“WALAU langit Runtuh, Hukum Harus Tetap Ditegakkan”, ungkap pameo lawas, mencerminkan pentingnya penegakan hukum demi keadilan bagi umat manusia, apalagi di tengah peradaban era now.
Namun tidak demikian halnya di negeri ini, langit normal dan masih kukuh, namun penegakan hukum carut-marut, justeru dilanggar oleh oknum-oknum instansi hukum sendiri.
Kabar teranyar, terkuak dugaan kasus suap dugaan pengurusan kasasi kepailitan Koperasi Simpan Pinjam Intidana dengan 10 tersangka yang dicokok KPK termasuk Hakim Agung Sudrajad Dimyati (21/9). Sudrajad dilaporkan menerima suap Rp800-juta.
Menurut Wakil Ketua KPK Nurul Ghufron (22/9), operasi tangkap tangan oleh KPK berkaitan dengan dugaan tindak pidana korupsi suap dan dan pungutan tidak sah dalam pengurusan perkara di MA. Sejumlah barang bukti dan uang juga disita di TKP.
“Dunia hukum dan peradilan kita yang semestinya berdasarkan bukti, ternyata masih tergantung uang, dan (oknum) penegak hukum yang diharapkan jadi pilar keadilan malah menjualnya dengan (imbalan) uang,” ujarnya.
Keterlibatan oknum penegak hukum dalam perkara suap lainnya yang viral a.l. Jaksa Kejaksaan Agung Pinangki Sirna Malasari yang menerima suap 500-ribu dollar AS dan pencucian uang 375.229 dollar AS untuk membantu buronan Joko Tjandra.
Pinangki divonis hukuman kurungan delapan tahun plus denda Rp200-juta dan pidana tambahan uang pengganti Rp4,04 juta dan 10-ribu dollar AS. Namun ia termasuk 23 napi kasus korupsi kelas kakap yang bebas bersyarat beberapa 6 Sept. lalu
Menurut catatan ICW, sejak 2014 tercatat paling tidak lebih 20 hakim yang terjerat kasus korupsi, dan untuk pertama kalinya, kali ini seorang hakim agung juga menjadi pesakitan KPK.
Sementara di instansi Polri, Kakorlantas saat itu, Irjen Pol. Joko Susilo divonis 18 taun penjara dan denda Rp1 miliar serta mengganti uang Ri p32 miliar subsider lima tahu penjara terkait kasus suap penunjukan pengadaan simulator pengujian SIM pada 2012.
Lalu Kabareskrim Komjen Susno Duadji divonis 3,5 tahun penjara, denda Rp200 juta dan membayar uang pengganti Rp4 miliar subsider satu tahun penjara dalam perkara PT Salmah Arowana Lestari dan memotong anggaran Pilgub Jabar (2013).
Nama institusi Polri saat ini juga babak belur akibat kasus rekayasa pembunuhan Brig. Novriansyah Joshua Hutabarat oleh atasannya, Irjen Pol. Ferdy Sambo (8/7) yang melibatkan sekitar 100 angota Polri dari bintang satu sampai tamtama.

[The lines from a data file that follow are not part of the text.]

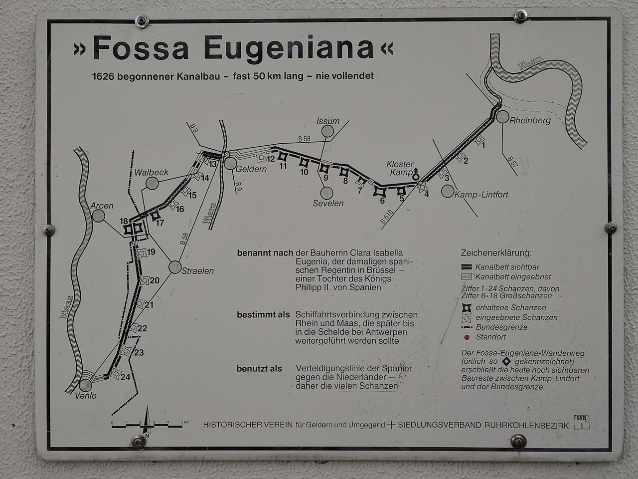 ← Zurück Weiter → Infotafel zur Fossa Eugenia, einem nie fertiggstellen Kanalbauprojekt aus dem 17. Jahrhundert
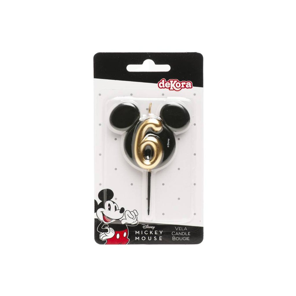 Dekora svíčka Mickey černo-zlatá číslo 6 ▹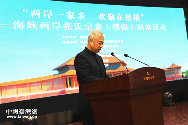中國臺灣網5月3日濮陽訊 4月27日,“兩岸一家親歡聚在祖根——海峽兩岸張氏宗親(濮陽)聯誼活動”在濮陽舉行。濮陽市市長宋殿宇出席活動并致歡迎辭。全國政協常委、臺盟中央副主席、全國臺聯副會長張澤熙,國臺辦交流局副局長董碧幽,省商務廳廳長張延明,省政協港澳臺僑和外事委員會主任楊京偉,省臺辦副主任杜春景,全國臺企聯首任會長、現任榮譽會長張漢文,以及臺灣張廖簡宗親總會,臺灣高雄、臺中、宜蘭和閩東南等地區的張氏宗親代表團成員,濮陽市領導張禮杰、張宏義、張懷璽等出席聯誼活動。聯誼活動由濮陽市政協主席鄭大文主持。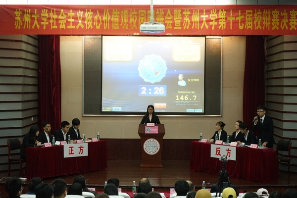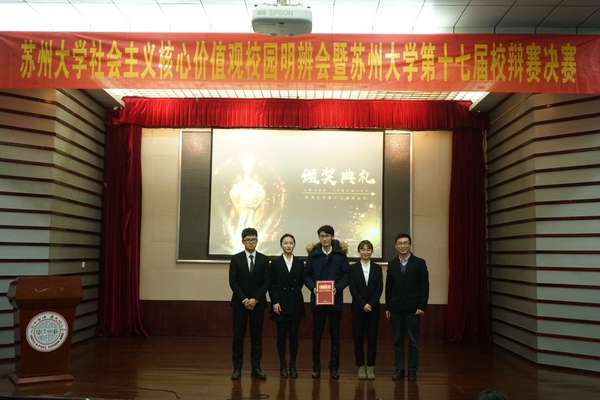 4月14日晚,苏州大学社会主义核心价值观校园明辨会暨苏州大学第十七届校辩赛总决赛在天赐庄校区红楼学术报告厅举行。苏州大学辩论队教练陈国坤、苏州大学政治与公共管理学院教授庄友刚、苏州大学教育学院副教授吴铁钧、苏州大学辩论队2012级队长吴雪张美、苏州大学辩论队2013级队长秦黛新担任决赛评委。我院院长助理、学生工作部部长(兼)卞海勇出席活动。我院由文正辩论社社员雷佳璇、孙鹤铭、庄稼会、严怿舟等同学组成的代表队荣获亚军。

Kasus lain melibatkan instansi penegak hukum yang menonjol a.l. Ketua Mahkamah Konstitusi Akil Mochtar (2005) yang menerima suap terkait sejumlah kasus pidana dan pencucian uang Rp181,5 miliar dengan hukuman seumur hidup serta denda Rp10 miliar.

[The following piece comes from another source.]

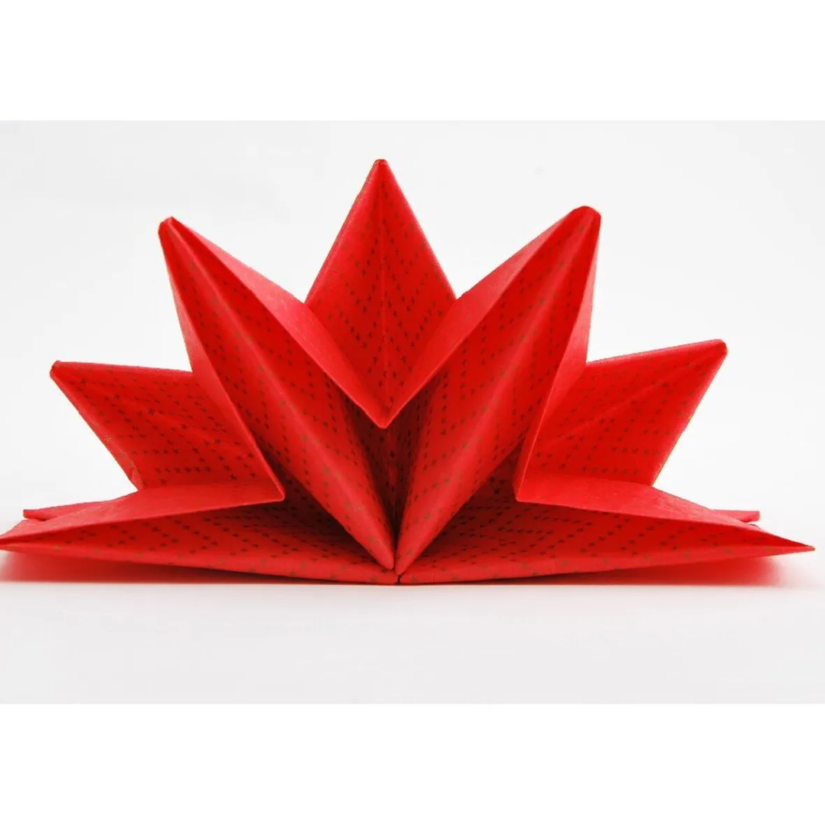 12 serviettes jetables pré-pliées rouges avec chevrons dorés, dim. 40×60 cm, 3 plis.

Sementara Hakim Konstitusi Patrialis Akbar divonis delapan tahun penjara dan denda Rp200 juta subsider tiga bulan dan uang pengganti Rp4,04 juta dan 10.000 dolar AS karena terbukti menerima suap penunjukan importir sapi.
Sejak kiprah KPK dalam pemberantasan korupsi hingga 2021 saja, paling tidak sudah 22 gubernur dan 133 walikota/bupati atau wakilnya yang dicokok, anggota DPR/DPRD 381 orang dan berbagai profesi lainnya termasuk para penegak hukum.
Korupsi di negeri ini tidak ada matinya, bahkan terus mengganas sejak disahkannya revisi UU Tindak Pidana Korupsi No. 19 tahun 2019 yang sejumlah pasalnya dianggap melemahkan KPK, menggantikan UU No. 30 tahun 2002.
Bersih-bersih di seluruh instansi penegakan hukum di Indonesia agaknya mendesak dilakukan karena dengan “sapu yang kotor”, pemberantasan korupsi atau penegakan hukum mustahil dilakukan.